### Material supplied
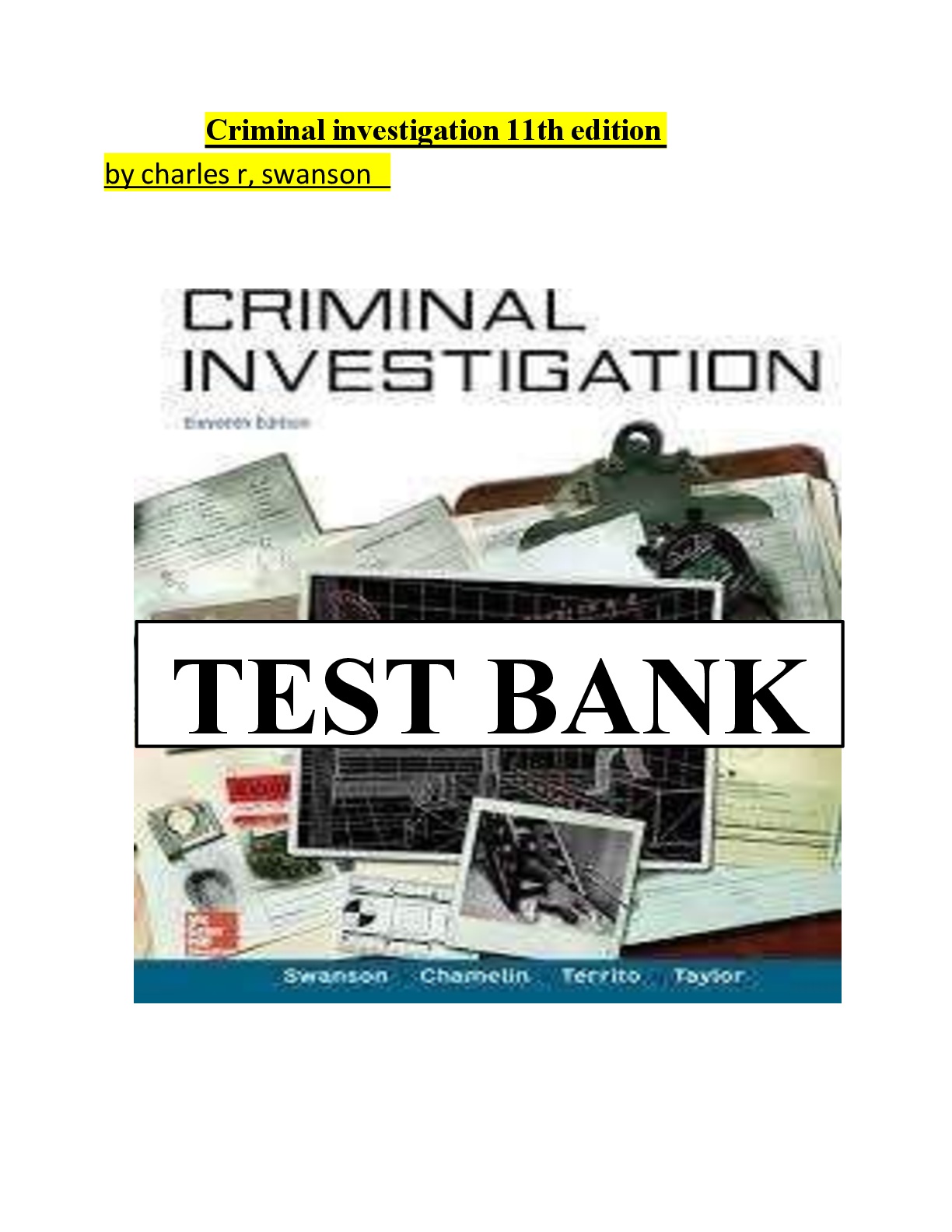 Forensic and Criminal Investigation > TEST BANKS > Test Bank Criminal Investigation 11th Edition by Charles r, Swanson (All)
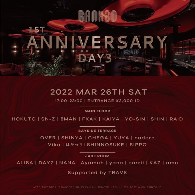 DAY3は、東京はもちろん日本のみならず世界でも活躍するDJから、これからのCLUB業界を担う若手DJまでが勢揃い。MAINフロア、普段はVVIP ROOMとして使用されているJADE ROOM 、東京湾を一望できるBAYSIDE TERRACEの3フロアで展開。タイトルBANK30 1ST ANNIVERSARY DAY3
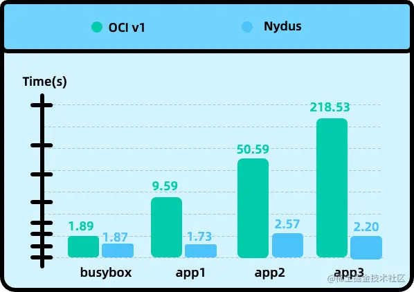 利用 Nydus 做镜像加速后,不同应用的启动时间都有了质的飞跃,能够在非常短的时间内拉起应用,满足云上快速伸缩的要求。
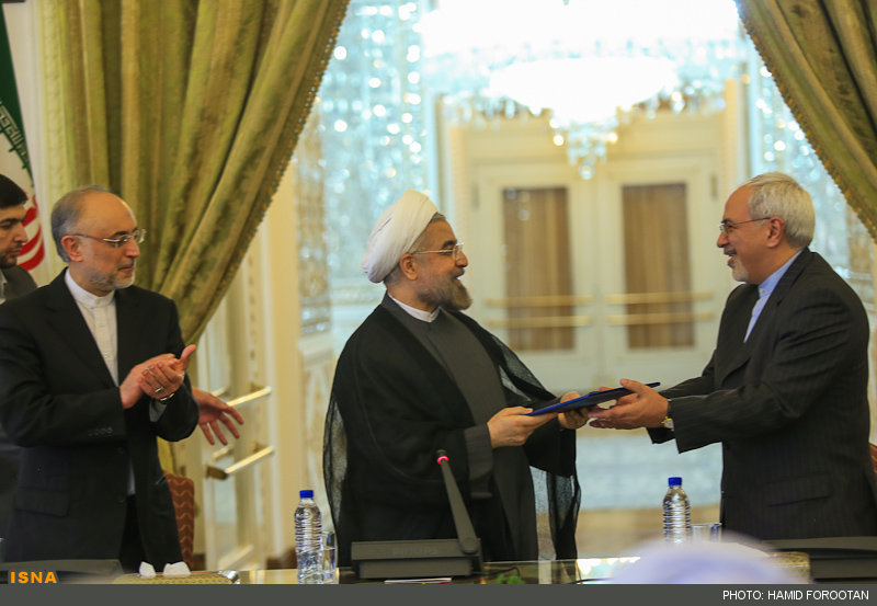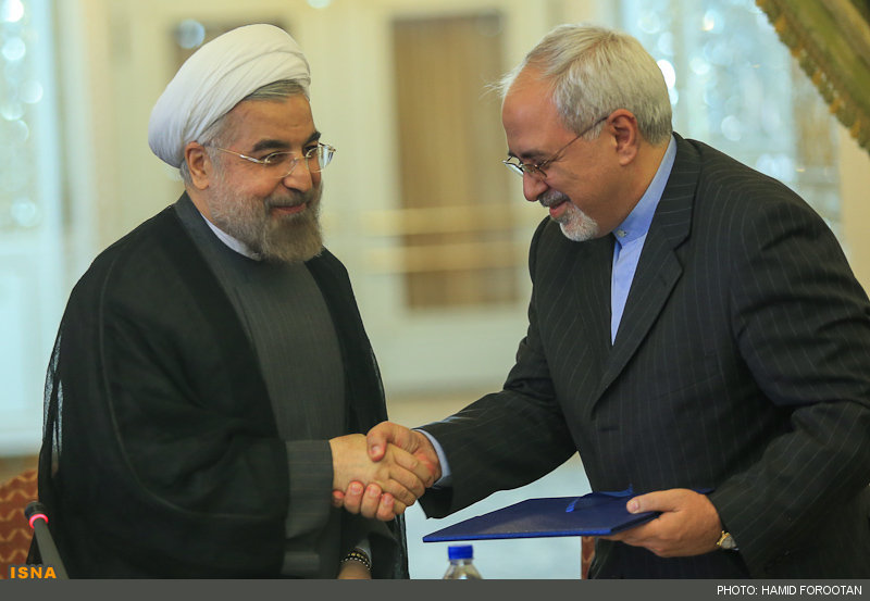 رییسجمهور در پایان سخنان خود حکم وزارت ظریف را نیز به وی اعطا کرد.
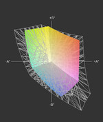 Der Kontrast ist mit 237:1 mehr als dürftig und hauptverantwortlich dafür, dass die Farben flau und das Schwarz eher grau wirken. Bei Fotos, Filmen und Spielen ist die Darstellung daher wenig lebendig und kaum naturgetreu. Der sRGB-Farbraum wird zudem lediglich zu etwa 60 % abgedeckt. Einschränkungen muss man hier vor allem im Magenta-, Rot- und Grün-Bereich hinnehmen.
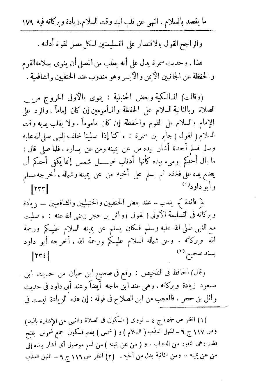 (فادئة) يندب - عند بعض الحنفيين والحنبليين والشافعيين - زيادة وبركاته فى التسليمة الأولى (لقول) وائل بن حُجْر رضى الله عنه: " صليتُ مع النبى صلى الله عليه وسلم فكان يُسلم عن يمينه السلام عليكم ورحمة الله وبركاته. وعن شماله السلام عليكم ورحمة الله " أخرجه أبو داود بسند صحيح (¬2) {234}
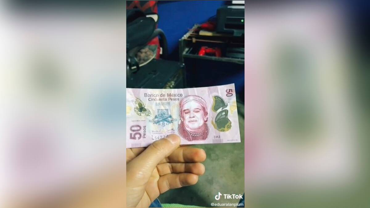 El usuario registrado como @eduaralanplum en Tik Tok denunció haber recibido un billete falso de 50 pesos mexicanos (casi 11.000 pesos colombianos).
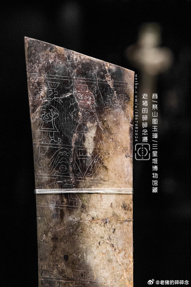 我说当时在三星堆拍摄这件玉璋的时候,上面有明显的拼接修补的痕迹呢,原来是这么回事。这件玉璋之所以珍贵,是因为上面有一幅中国最早的玉器线刻画《祭山图》。这意味着蜀地或为中国绘画的源头。为研究古蜀宗教祭祀礼仪提供了珍贵的资料。图案内容生动刻画了古蜀国原始宗教祭祀场面,反映祭祀神山及神山上神灵,是祭山场面,但又具有图画和纪实的两种原始功能,所以,又可视为罕见的古蜀国巫觋祀山的绘画艺术和图案艺术的有力例证。
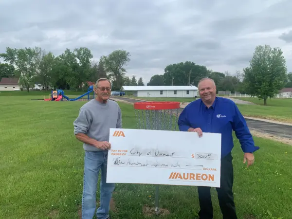 Dumont Telephone Company and Aureon recently presented a $500 check toward the City of Dumont Disc Golf, Soccer Goals and Pickleball Net project.
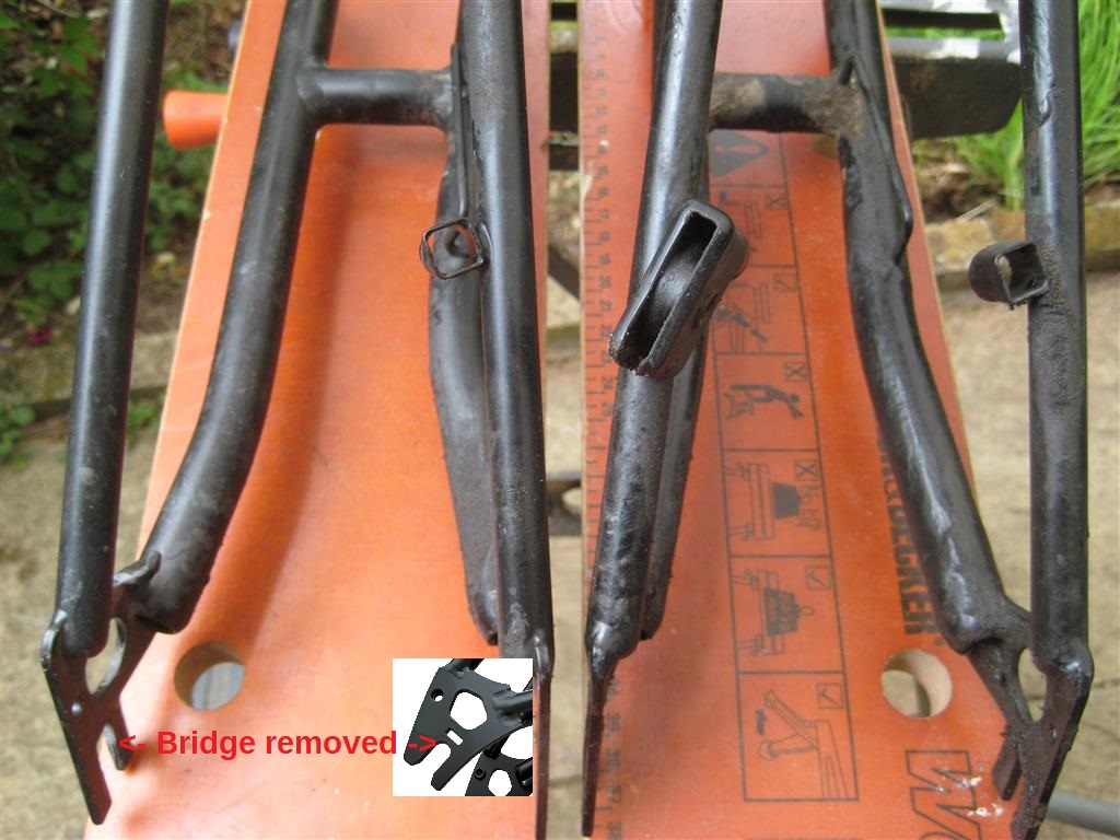 The more minor difference are small metal bridges in the rear fork of the new triangle. These are easily removed with a junior hacksaw. The more major difference is the new frame only has one braze-on for a gear pulley block (these slide into the braze-on and are secured with a threaded metal ring where the Bowden cable enters the block). The required additional braze-on is very carefully removed from the old frame using a rotary tool such as a Dremel.
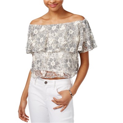 Alfani Womens Crochet-Sleeve Pullover Blouse
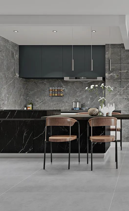 地面以宋素|凡古磚廣寒秋進(jìn)行通鋪,自然純粹的暖灰底紋搭配簡約設(shè)計讓心境升華到另外一個層次,時光賦予的溫柔,彰顯著家居空間的浪漫與溫馨。
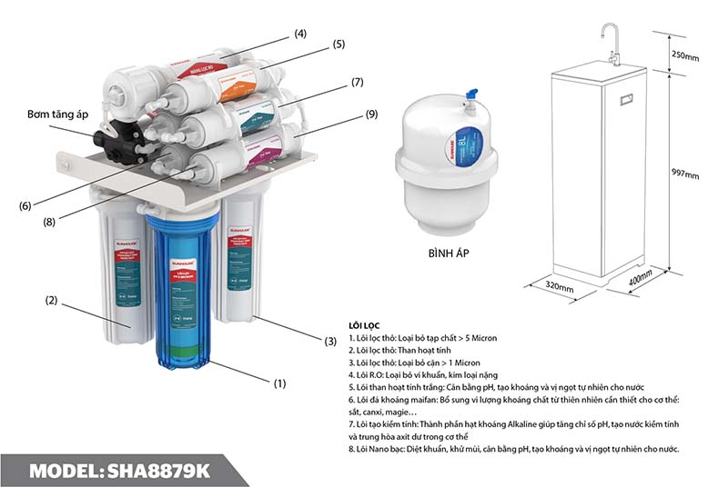 Đánh giá Máy Lọc Nước Tủ Đứng Sunhouse 8 Lõi SHA8879K
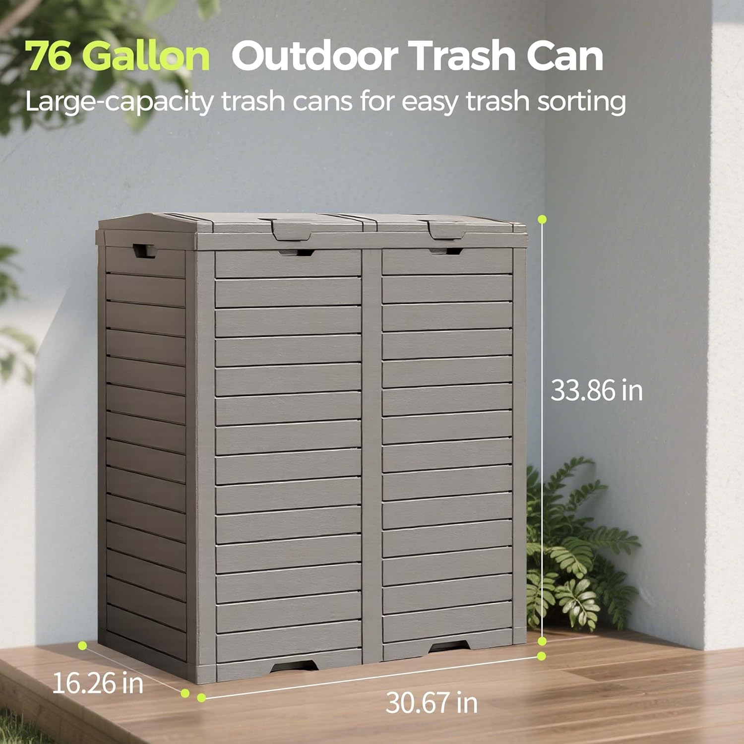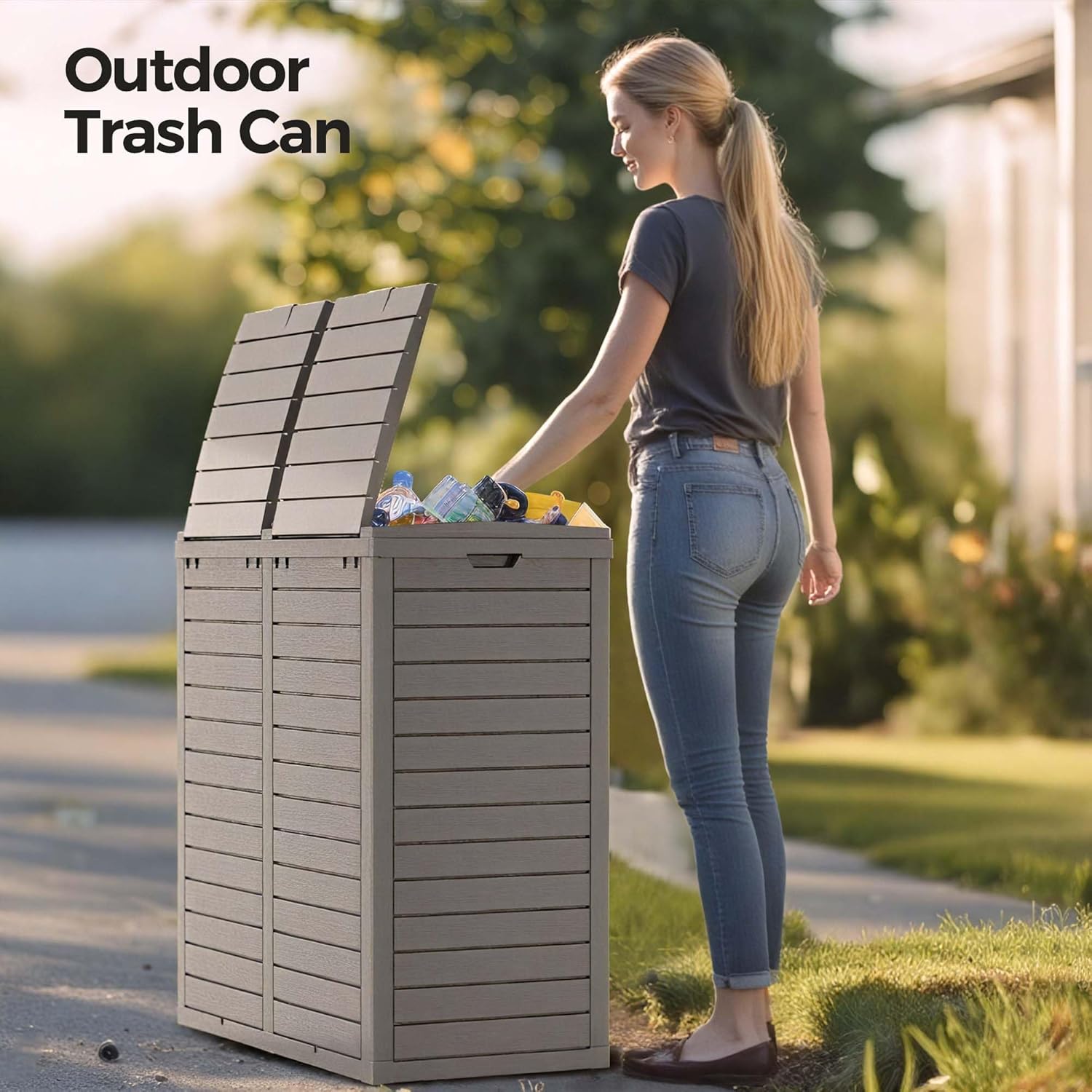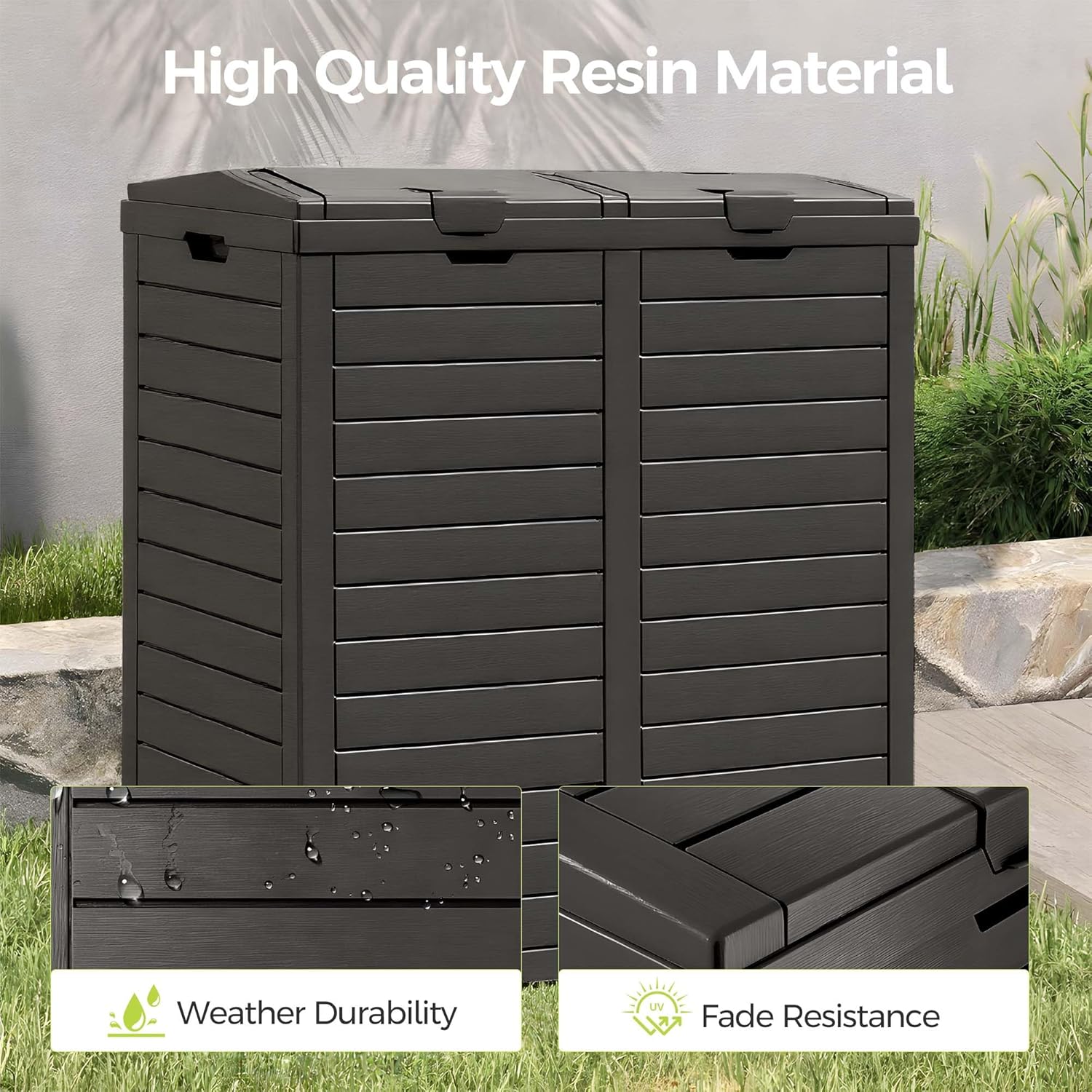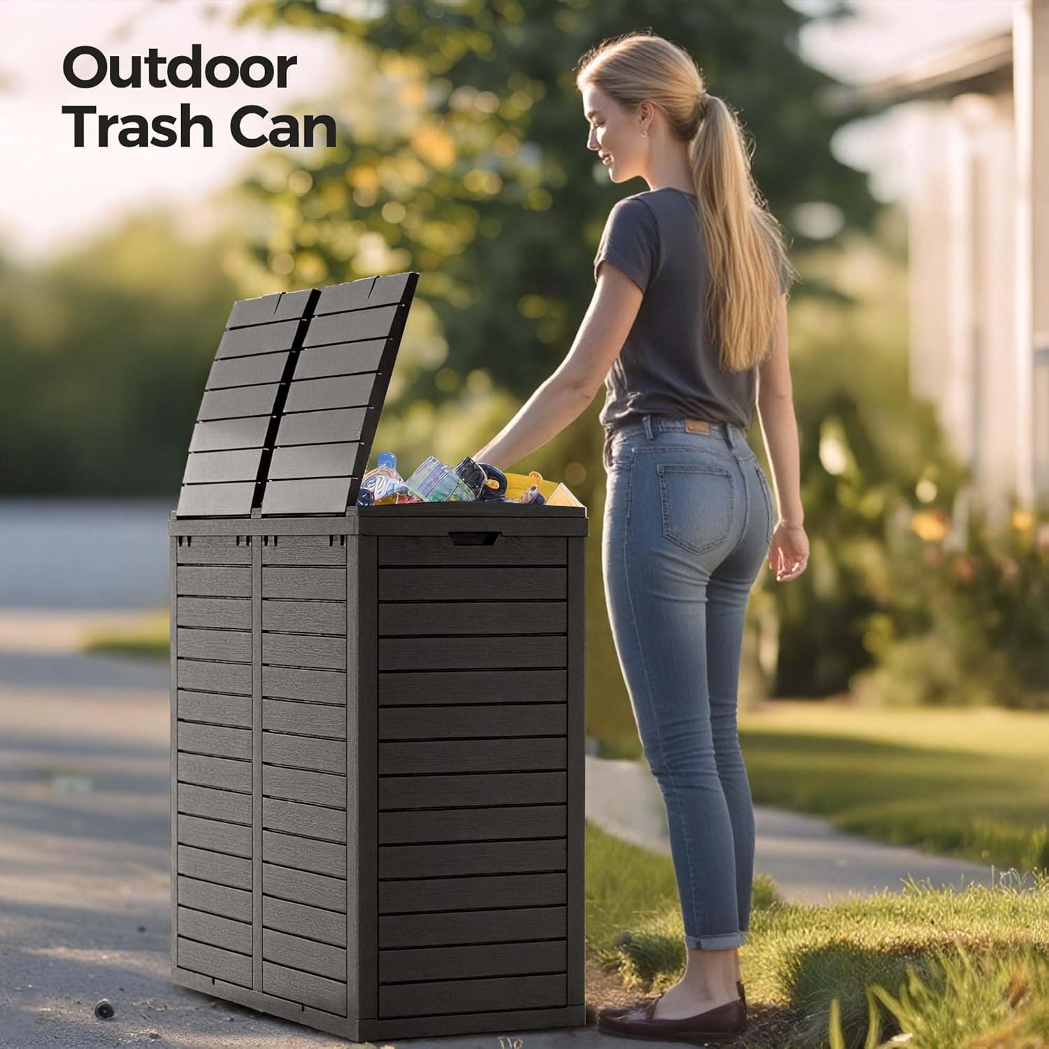 76 Gallon Outdoor Trash Can Waterproof Resin Garbage Can with Tiered Lid & Drip Tray Indoor and Outdoor Use Trash Bin for Patio Kitchen, Backyard & Deck, Black
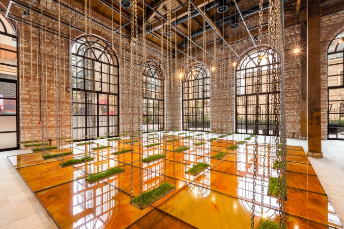 "Limbo", kendisini sürekli yenileyen doğanın ve zamanın bıraktığı izleri yansıtarak varoluşun birbirleri üzerindeki etkisini, direncini ve belirsizliğini ifade ederek izleyicilere yaşam ve ölüm arasındaki yakınlığı deneyimleme imkanı sunuyor. Canan Tolon'un sıraladığı salıncakların çim ve su gibi doğal malzemelerle ve mekanın doğal koşullarıyla etkileşimini gösteren enstalasyonu, sanatın zamanla nasıl dönüşerek yeni formlar aldığını izleyiciye gösteriyor. Tolon, sergide suyun metal salıncaklara yaptığı korozyon ve aşınma hali üzerinden doğayı, çevreyi ve yaşamı yeniden düşünmemize olanak tanıyor. Küratörlüğünü Ayça Okay'ın üstlendiği Limbo, yer aldığı tarihi bina Fişekhane'nin 18-19 yy. da mühimmat, fişek ve ordunun ihtiyacı olan metal aksanların üretim yeri olma özelliğine gönderme yaparak, yaşam-ölüm ve inşa etme-yıkım gibi zıtlıkların hayatımızın her daim bir parçası olduğu gerçeğine vurgu yapıyor. Metalin giderek paslanmasına, çimlerin büyümesine ve zaman içerisinde kuruyarak ölmesine sergi boyunca tanıklık edecek izleyici, doğanın, zamanın ve hayatın döngüsünün bir parçası oluyor.

### Description of the task
Nothing should appear in the reply except the lines from the start of the listing above through the line with "El usuario registrado", repeated exactly and free of pictures.

### Reply to the task
 Forensic and Criminal Investigation > TEST BANKS > Test Bank Criminal Investigation 11th Edition by Charles r, Swanson (All)
 DAY3は、東京はもちろん日本のみならず世界でも活躍するDJから、これからのCLUB業界を担う若手DJまでが勢揃い。MAINフロア、普段はVVIP ROOMとして使用されているJADE ROOM 、東京湾を一望できるBAYSIDE TERRACEの3フロアで展開。タイトルBANK30 1ST ANNIVERSARY DAY3
 利用 Nydus 做镜像加速后,不同应用的启动时间都有了质的飞跃,能够在非常短的时间内拉起应用,满足云上快速伸缩的要求。
 رییسجمهور در پایان سخنان خود حکم وزارت ظریف را نیز به وی اعطا کرد.
 Der Kontrast ist mit 237:1 mehr als dürftig und hauptverantwortlich dafür, dass die Farben flau und das Schwarz eher grau wirken. Bei Fotos, Filmen und Spielen ist die Darstellung daher wenig lebendig und kaum naturgetreu. Der sRGB-Farbraum wird zudem lediglich zu etwa 60 % abgedeckt. Einschränkungen muss man hier vor allem im Magenta-, Rot- und Grün-Bereich hinnehmen.
 (فادئة) يندب - عند بعض الحنفيين والحنبليين والشافعيين - زيادة وبركاته فى التسليمة الأولى (لقول) وائل بن حُجْر رضى الله عنه: " صليتُ مع النبى صلى الله عليه وسلم فكان يُسلم عن يمينه السلام عليكم ورحمة الله وبركاته. وعن شماله السلام عليكم ورحمة الله " أخرجه أبو داود بسند صحيح (¬2) {234}
 El usuario registrado como @eduaralanplum en Tik Tok denunció haber recibido un billete falso de 50 pesos mexicanos (casi 11.000 pesos colombianos).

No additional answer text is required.